(Records from a collection)
------------------------------------
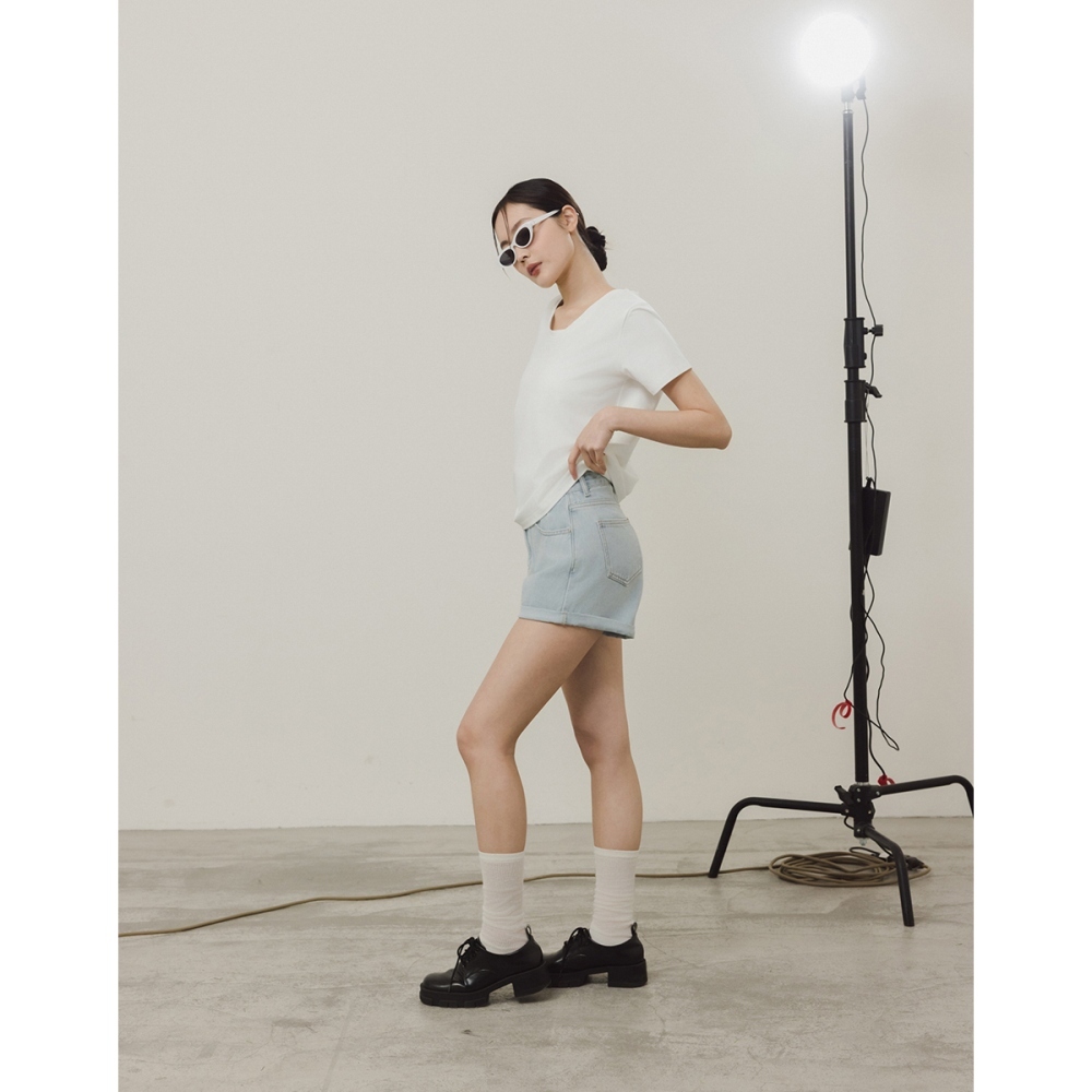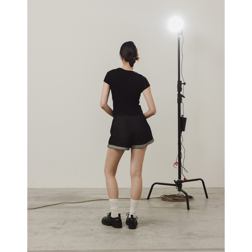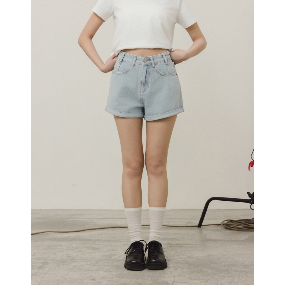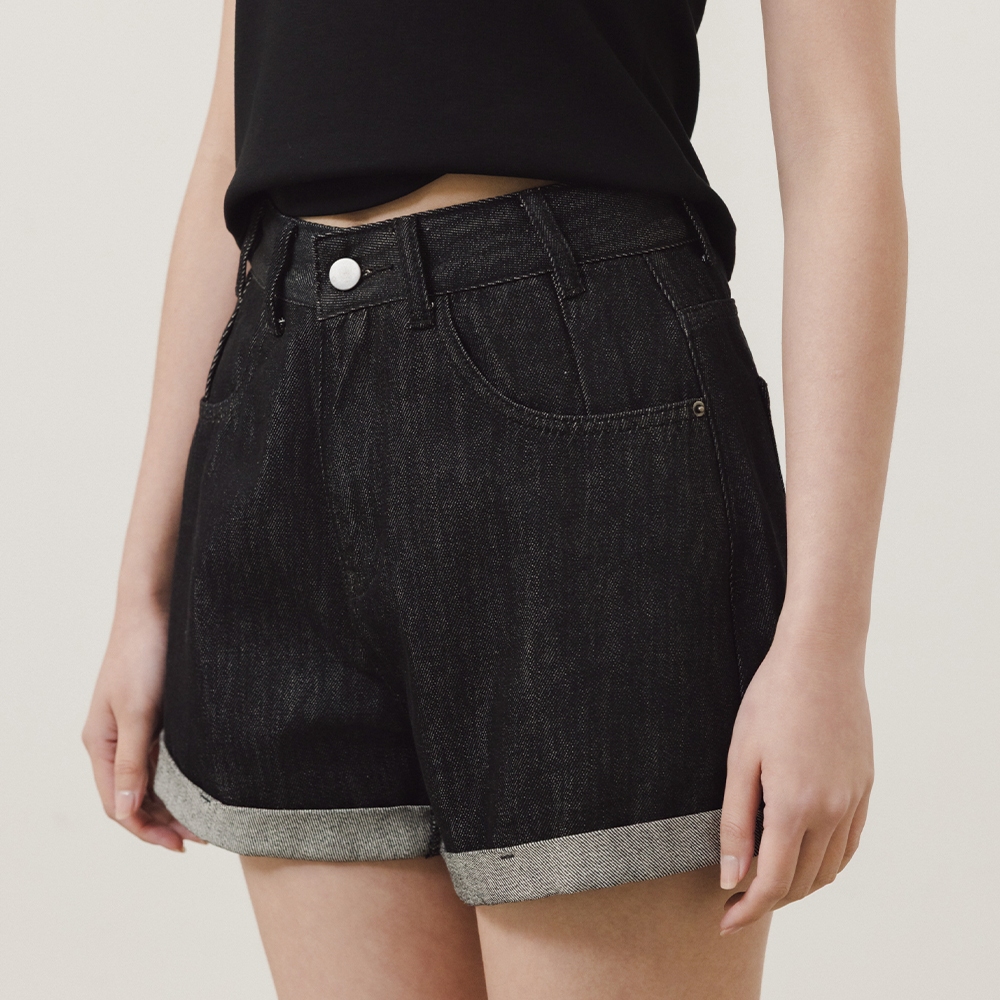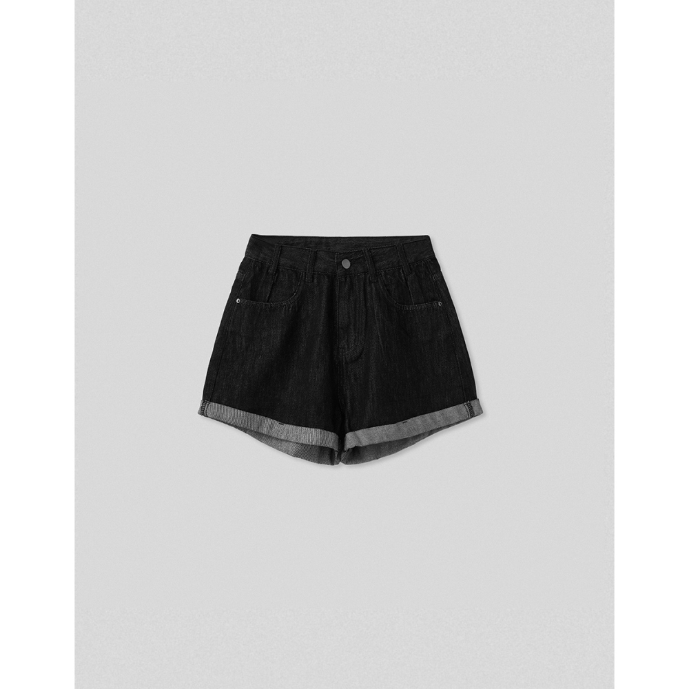CC.DAILY-斜切反褶牛仔短褲(二色)-女【J2CO053】09黑,S|09黑,M|09黑,L|70淺藍,S|70淺藍,M|70淺藍,LShortscaco_tw
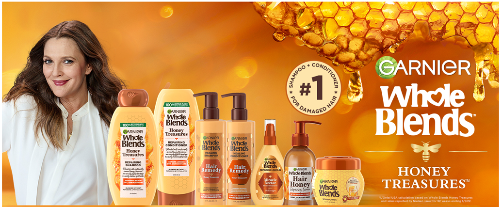 For every blend, there's whole Blends, hair care blended with purpose, because when the right ingRedients come together something beautiful happens, we believe in the power of blends because blended makes us better. Whole Blends Repairing leave-in Miracle nectar h1y treasures treatment provides 10 benefits in 1 treatment and is blended with purpose with h1y known to replenish and royal jelly and propolis known to nourish and repair. 10 benefits including 1 Moisturizes, 2 detangles, 3 repairs and prevents split ends, 4 tames frizz, 5 strengthens hair's fiber, 6 restores softness, 7 nourishes, 8 protects against heat, 9 Reduces breakage, 10 improves manageability. Garnier Whole Blends Miracle nectar 10-in-1 leave-in is blended with purpose with Royal Jelly, h1y, and Propolis extracts to reveal w8lessly nourished, silky hair, restoRed with strength & softness. Miracle nectar h1y treasures treatment is paraben-free, crafted with select ingRedients and unique fragrances, blended with purpose into nurturing, gentle formulas to help restore the natural beauty of hair with every use.
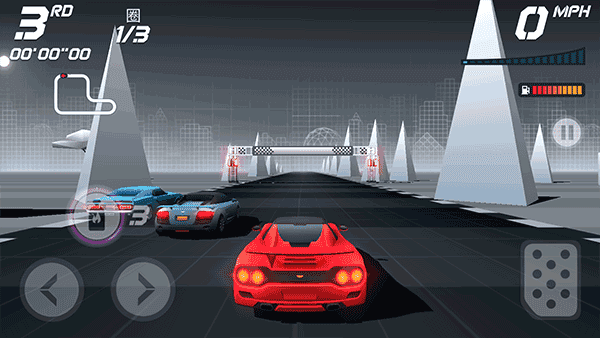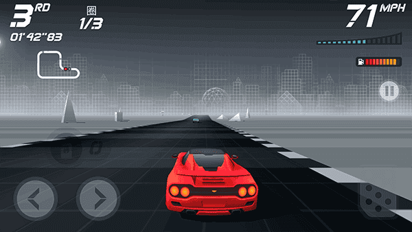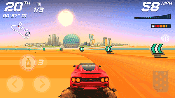 游戏操作简洁直观:点击左右按钮控制方向,按住右下角踏板加速,松开即减速。比赛目标是在燃料耗尽前率先冲线,途中需收集蓝色金币用于购车、升级,并合理使用氮气实现关键超车。注意——频繁碰撞会加速燃料消耗,务必谨慎驾驶!
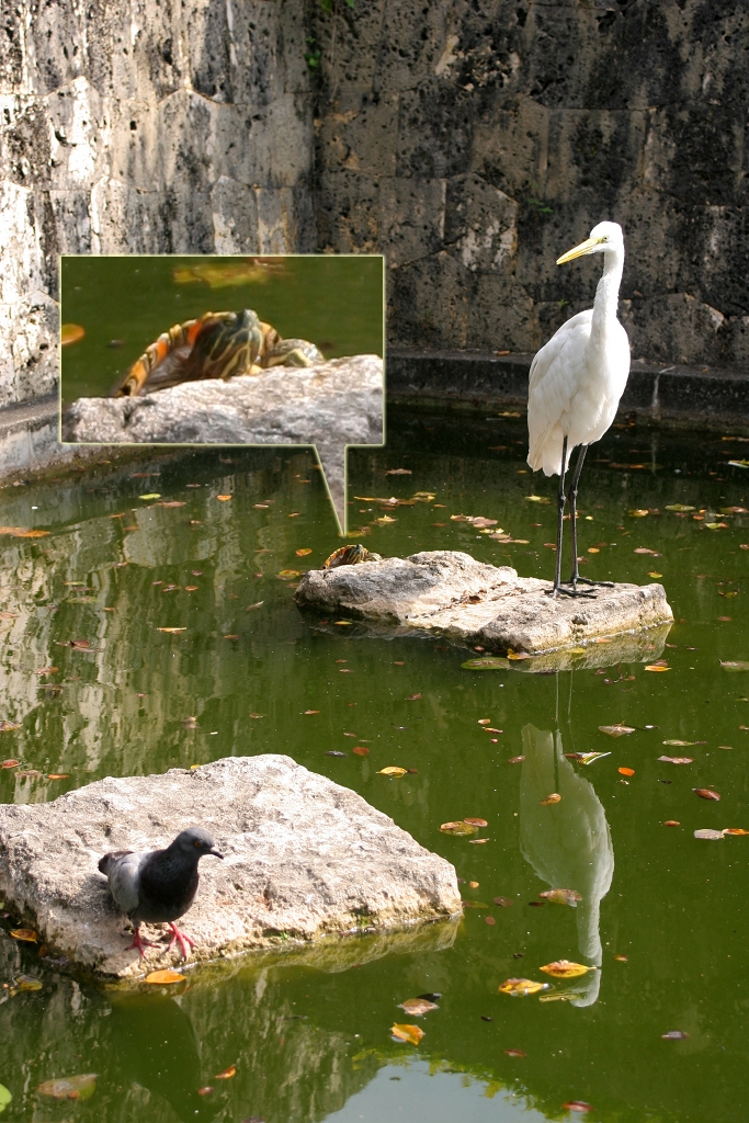 カメとサギ(?)とハト
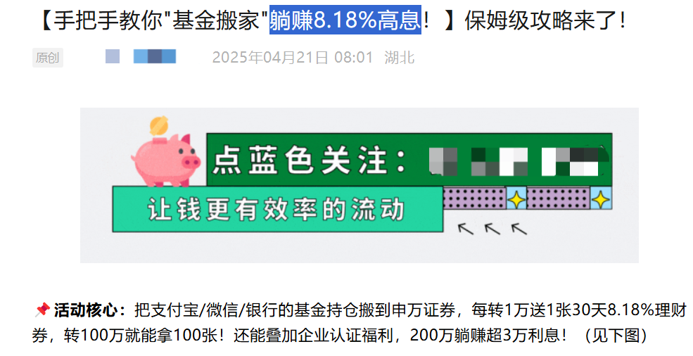 部分自媒体对申万宏源基金转托管理财券高收益的宣传(图片来源:微信截图)
------------------------------------
How to complete this task:
Taking each record in turn, retype it exactly and drop any picture.

Task result:
CC.DAILY-斜切反褶牛仔短褲(二色)-女【J2CO053】09黑,S|09黑,M|09黑,L|70淺藍,S|70淺藍,M|70淺藍,LShortscaco_tw
 For every blend, there's whole Blends, hair care blended with purpose, because when the right ingRedients come together something beautiful happens, we believe in the power of blends because blended makes us better. Whole Blends Repairing leave-in Miracle nectar h1y treasures treatment provides 10 benefits in 1 treatment and is blended with purpose with h1y known to replenish and royal jelly and propolis known to nourish and repair. 10 benefits including 1 Moisturizes, 2 detangles, 3 repairs and prevents split ends, 4 tames frizz, 5 strengthens hair's fiber, 6 restores softness, 7 nourishes, 8 protects against heat, 9 Reduces breakage, 10 improves manageability. Garnier Whole Blends Miracle nectar 10-in-1 leave-in is blended with purpose with Royal Jelly, h1y, and Propolis extracts to reveal w8lessly nourished, silky hair, restoRed with strength & softness. Miracle nectar h1y treasures treatment is paraben-free, crafted with select ingRedients and unique fragrances, blended with purpose into nurturing, gentle formulas to help restore the natural beauty of hair with every use.
 游戏操作简洁直观:点击左右按钮控制方向,按住右下角踏板加速,松开即减速。比赛目标是在燃料耗尽前率先冲线,途中需收集蓝色金币用于购车、升级,并合理使用氮气实现关键超车。注意——频繁碰撞会加速燃料消耗,务必谨慎驾驶!
 カメとサギ(?)とハト
 部分自媒体对申万宏源基金转托管理财券高收益的宣传(图片来源:微信截图)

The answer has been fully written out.